Die Ausgehkultur scheint sich nicht groß von unserer zu unterscheiden. Abgesehen davon, dass es eine größere Durchmischung der Altersgruppen gibt. Dies ist mir vor allem in Jazzclubs und bei Konzerten aufgefallen. Es findet auch im Winter viel mehr draußen statt als bei uns. So findet z.B. in Montreal ein Winterfestival im Freien statt, bei dem Lagerfeuer aufgestellt werden und man Curling oder Eishockey spielen kann oder eines der (gratis) Konzerte besuchen kann, die aber in Zelten stattfinden. Es gibt eine sehr große Bierauswahl, viele davon direkt aus dem Zapfhahn und nicht aus der Flasche.
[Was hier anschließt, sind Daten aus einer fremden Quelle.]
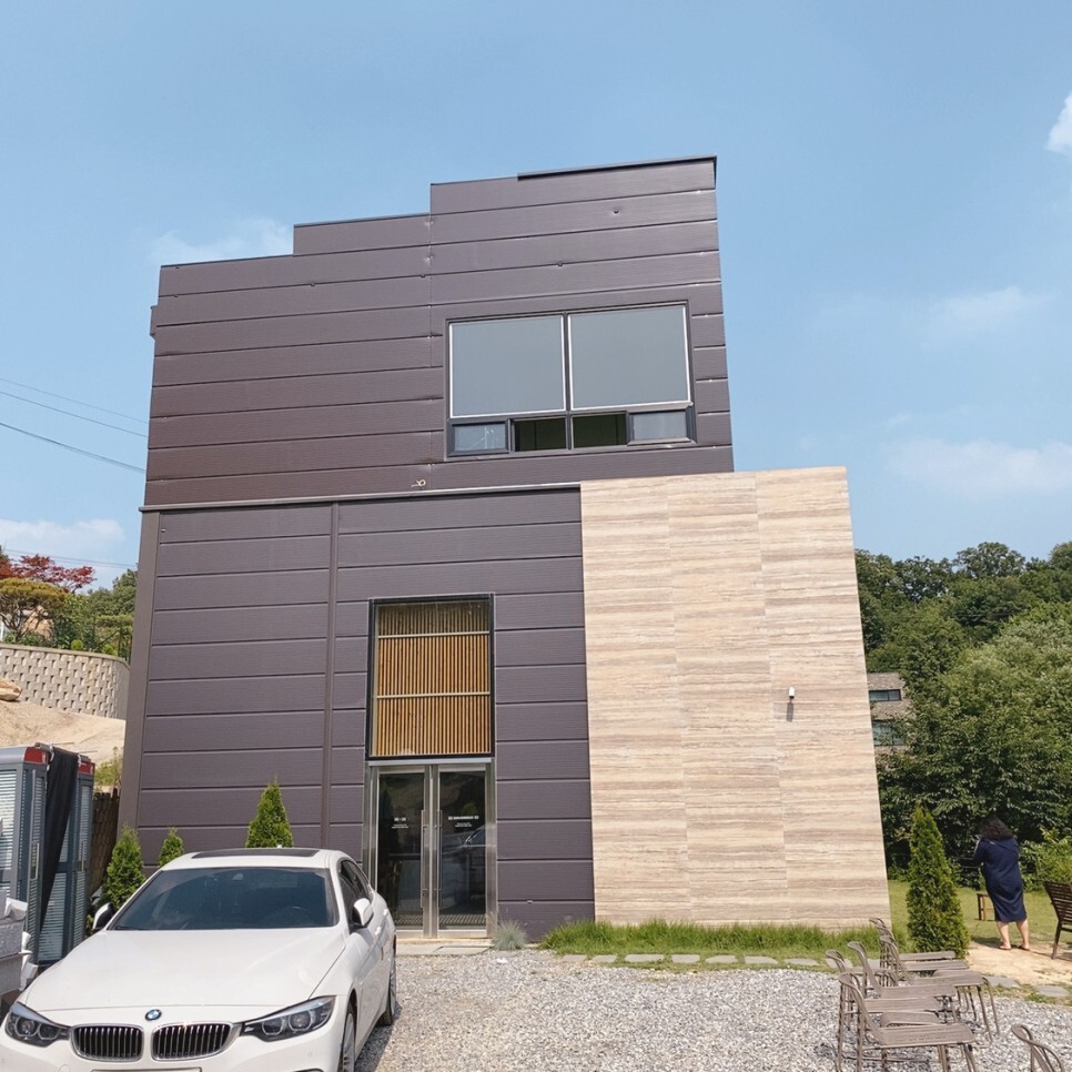 다시 들어오려고 건물쪽을 바라봤는데.... 엄.... 이렇게 익스테리어를 해놨을줄은 몰랐지요. 오른쪽은 내장재로 사용했던 석자재와 동일한 자재를 사용하고, 그 반대편 뒷부분은 칼라강판으로 둘렀네요. 써라운드 카페는 실내에서만 보는것으로... :)

Es wird auch Wert auf Lokalität gelegt, man findet in jedem Lokal Getränke, die in der unmittelbaren Nähe hergestellt werden und Essen aus der Region. Das heißt natürlich nicht, dass nichts importiert wird, aber es ist doch auffällig.

©Nadja Schloißnig

 

Das sind einige der Eindrücke, die mir im Gedächtnis geblieben sind, natürlich ist dies auch nur eine Momentaufnahme und ich bin auf keinen Fall zur Kanada Expertin geworden. Wofür ich aber plädiere, ist die Offenheit und Freundlichkeit auch in unsere Kultur zu übertragen und die Menschen vor allem als das zu sehen, was sie sind: Menschen. Denn die Stimmung in einem Land, in dem jede/r erstmals freundlich und nett ist und dann erst urteilt, ist sehr angenehm und hebt auf jeden Fall auch die eigene Laune im Alltag.

 

 

* Ich will natürlich nicht generalisieren, sondern führe hier nur auf, was ich erfahren habe – es ist mir durchaus klar, dass es DEN oder DIE Kanadier/in nicht gibt.